Recently, object detection has proven vulnerable to adversarial patch attacks. The attackers holding a specially crafted patch can hide themselves from state-of-the-art detectors, e.g., YOLO, even in the physical world. This attack can bring serious security threats, such as escaping from surveillance cameras. How to effectively detect this kind of adversarial examples to catch potential attacks has become an important problem. In this paper, we propose two detection methods: the signature-based method and the signature-independent method.
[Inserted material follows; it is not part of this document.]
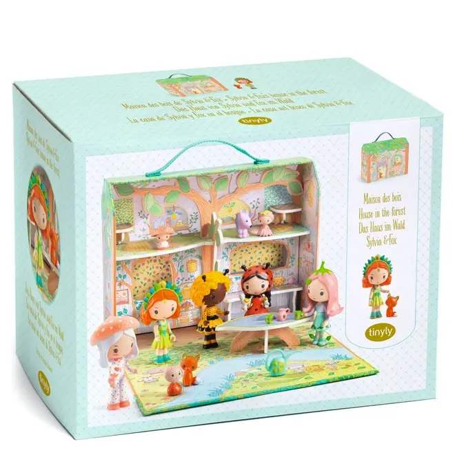 Midden in het bos staat het gezellige huisje van Sylvia en haar vosje Fox. Deze schattige speelkoffer van Djeco is eigenlijk een volledig tiny house, gebouwd rond een boom.

First, we identify two signatures of existing adversarial patches that can be utilized to precisely locate patches within adversarial examples. By employing the signatures, a fast signature-based method is developed to detect the adversarial objects. Second, we present a robust signature-independent method based on the \textit{content semantics consistency} of model outputs. Adversarial objects violate this consistency, appearing locally but disappearing globally, while benign ones remain consistently present. The experiments demonstrate that two proposed methods can effectively detect attacks both in the digital and physical world. These methods each offer distinct advantage. Specifically, the signature-based method is capable of real-time detection, while the signature-independent method can detect unknown adversarial patch attacks and makes defense-aware attacks almost impossible to perform.